ACTIVITY =>
Given the listing below, write out exactly the lines starting with the line that has "Chanderi bagru saree" and going on through the line that has "I began this", both kept.

EXERCISE INPUT =>
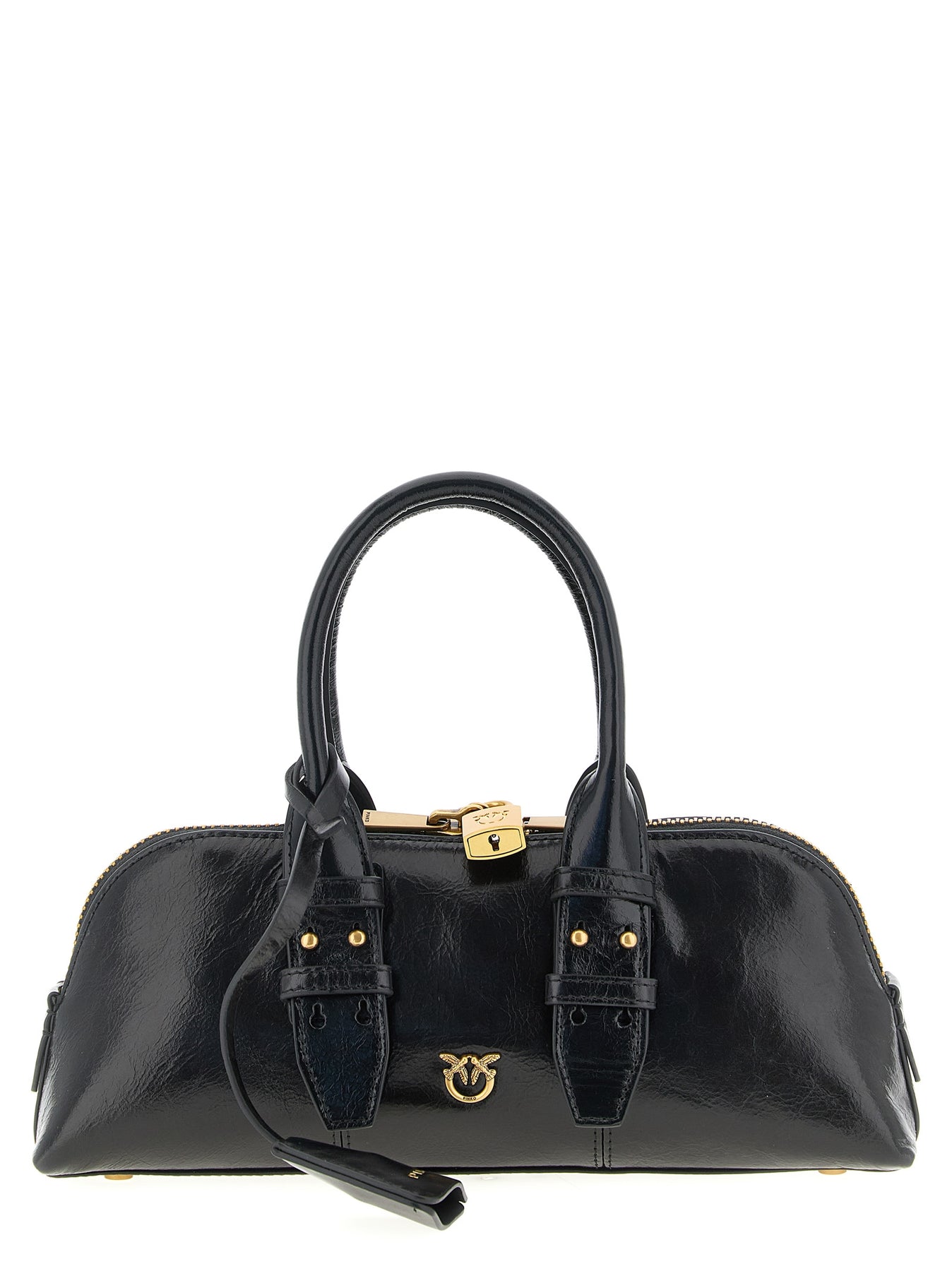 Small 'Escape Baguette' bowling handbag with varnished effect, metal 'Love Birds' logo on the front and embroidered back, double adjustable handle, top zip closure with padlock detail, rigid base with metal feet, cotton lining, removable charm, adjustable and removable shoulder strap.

* * *

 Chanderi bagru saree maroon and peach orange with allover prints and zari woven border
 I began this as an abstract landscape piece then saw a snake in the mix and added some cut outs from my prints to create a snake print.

==

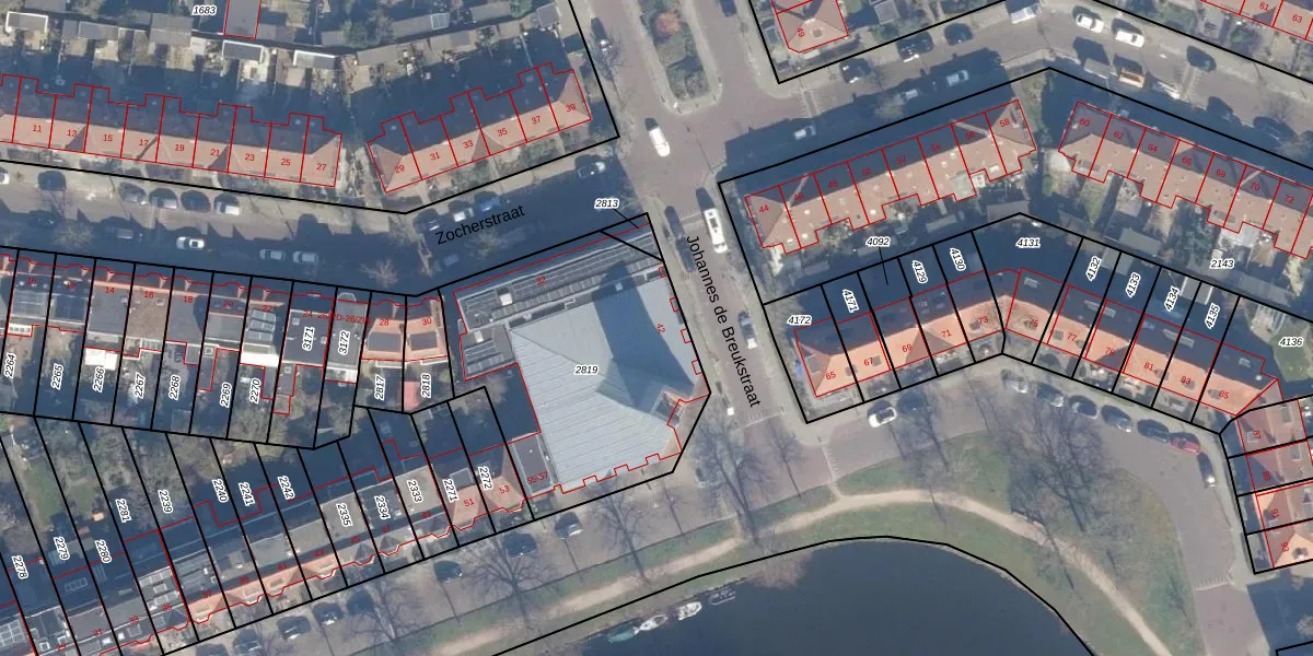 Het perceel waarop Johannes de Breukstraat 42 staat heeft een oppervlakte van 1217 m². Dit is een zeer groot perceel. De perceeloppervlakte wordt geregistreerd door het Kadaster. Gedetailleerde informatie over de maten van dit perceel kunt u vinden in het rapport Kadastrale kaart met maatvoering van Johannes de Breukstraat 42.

ANSWER TO THE PROBLEM =>
 Chanderi bagru saree maroon and peach orange with allover prints and zari woven border
 I began this as an abstract landscape piece then saw a snake in the mix and added some cut outs from my prints to create a snake print.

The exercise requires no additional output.